Dylan smiled and then reached for Apple, who was rousing and just as confused as Emily. The paramedics placed her in Dylan’s lap, and my son put a comforting hand on her, resting his head against my arm. “Is Gina going to be okay?”
“I don’t know. I hope so.”
“Are we moving again?”
I winced when Jackie inserted the catheter into my vein. “Yes.”
“Are we going back to our old house?”
“I don’t know. We’ll ask Daddy when we see him, okay? And you can tell him how brave you were.”
Dylan grinned, nestled against me and then put his free arm around his sister. “Just like Daddy.”
“Exactly like Daddy,” I said, letting my head fall back against the wall.
Day 5,106
chapter twenty-nine.
Kitsch
The sun had just begun to peek through the blinds, casting long, rectangular bars of light on the wall behind my beautiful, sleeping wife. A few minutes from that moment, the light would drift down to her closed eyelids, and she would open those big, green eyes and smile at me.

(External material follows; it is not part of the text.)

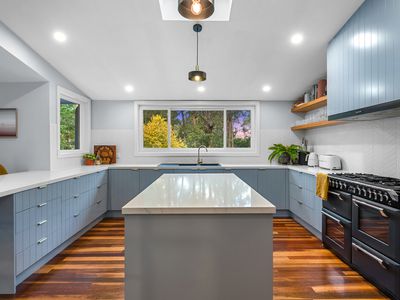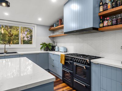 The well-appointed custom kitchen combines practicality and style, complete with stone benchtops, a Belling oven with gas cooktop, walk-in pantry and integrated dishwasher.

We’d only been in Colorado for a week, but it had taken me more than a month to talk Mack into going. We’d been staying in various hotels for months in Missouri, Arkansas, Louisiana, Texas, the Oklahoma panhandle, then New Mexico, edging closer to Colorado once Trex asked me to join the rest of the team for a new security gig at the Cheyenne Mountain Complex in Colorado Springs. Mack knew what I was doing each time I pushed for a new location. Sure, it was for safety, but every time I suggested moving farther west, a knowing grin would spread across her face.